Researchers have long sought a better understanding of how the microbiome is formed and behaves in the human gut.
Scientists from the University of Wisconsin-Madison have developed a platform to predict how microbial gut communities work that could lead to a better understanding of how to manipulate the properties of the gut ecosystem.
The human gut contains numerous microbes, with each one interacting with one another in a network of both positive and negative exchanges. Some interactions produce substances that are food for other microbes, while others produce toxins that kill neighboring microbes.
However, by better predicting microbe behavior, scientists could design a probiotic that persists in the gut or tailor a diet to positively influence human health.
“We know very little about the ecological interactions of the gut microbiome,” Ophelia Venturelli, a biochemistry professor at the University of Wisconsin-Madison, said in a statement. “Many studies have focused on cataloging all of the microbes present, which is very useful, but we wanted to try to understand the rules governing their assembly into communities, how stability is achieved, and how they respond to perturbations as well.”

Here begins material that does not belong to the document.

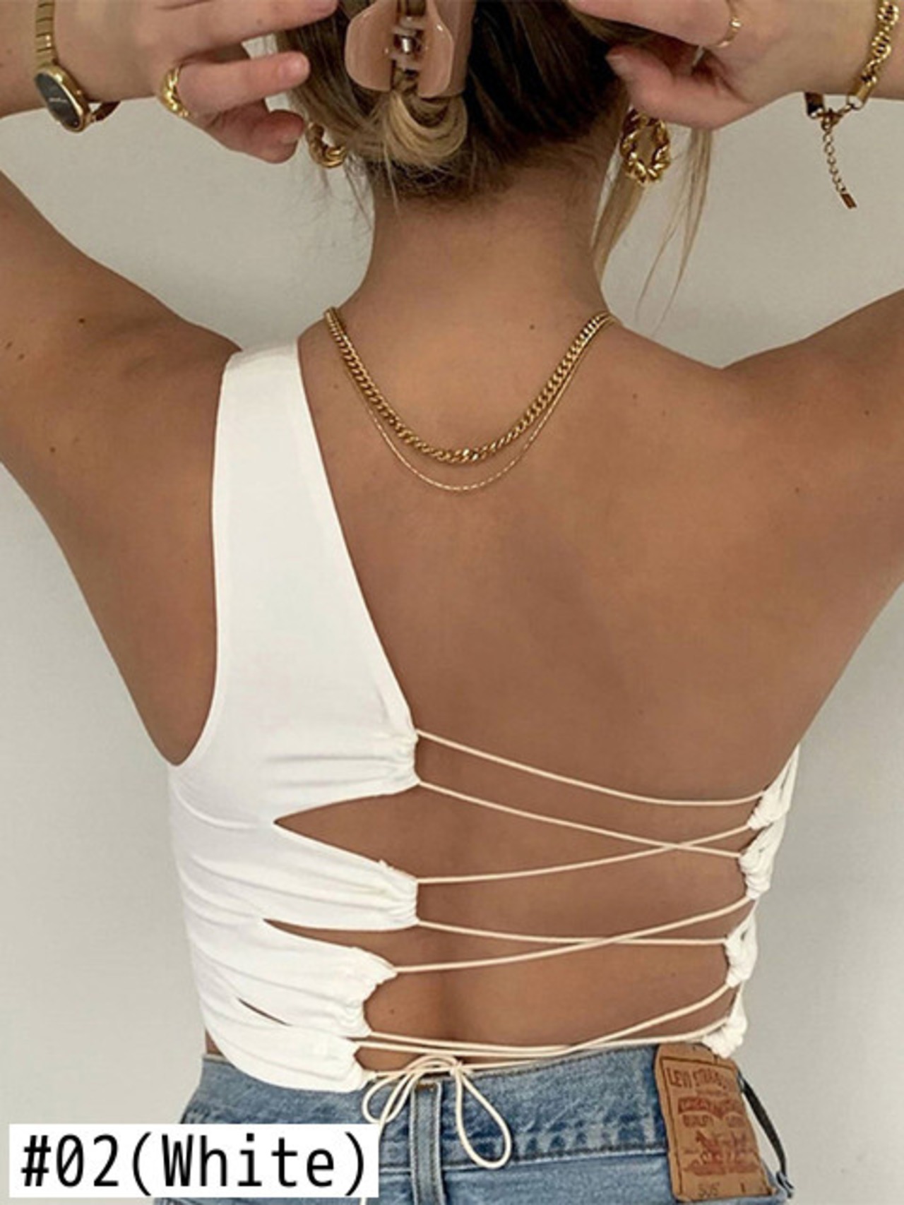 送料無料 セクシーな中空背中の開いた白黒タンクトップ女性サマークラブパーティー着用キャミソールクロップトップススリムソフトベスト Tシャツ ホワイト ブラック 夏物 AE1212332275156686751

In the study, the researchers selected 12 bacterial types present in the gut that represent the diversity of the gut microbiome.
The majority of the microbe chosen have been previously shown to significantly impact human health with associations to various diseases including diabetes, irritable bowel syndrome, Crohn’s disease and colon cancer.
Researchers collected data on pairwise interactions, meaning that each bacterial species was paired with one other bacterial species.
The team then fed a dynamic model data about the pairwise interactions, as well as data on each individual species, to decipher how all of the bacteria would likely interact when combined. They found the pairwise data alone was enough to predict how the larger community assembles.
Furthermore, the team also looked at what species seemed to be the most important in the community by measuring substances microbes produce called metabolites, and found that the metabolite data was unable to predict the role of important species in the community.
After testing the model’s predictive power by trying to estimate the characteristics of different combinations of the 12 chosen bacteria, the researchers found that the model did well at predicting dynamic behaviors.
“We found there’s a balance between positive and negative interactions and the negative interactions kind of provide a stabilizing force for the community,” Venturelli said. “We are beginning to understand the design principles of stability of the gut microbes and what allows a community to recover from perturbations.”
The researchers believe that they could better predict the interactions between microbes using computational tools, rather than performing laborious and time-consuming laboratory experiments. They also said they could begin to answer questions about how pathogens cause damage when they invade communities and then develop ways to prevent it.
“Without a model, we are basically just blindly testing things without really knowing what we are doing and what the consequences are when we are, for example, trying to design an intervention,” Venturelli said. “Having a model is a first step toward being able to manipulate the gut ecosystem in a way that can benefit human health.”
The study was published in Molecular Systems Biology.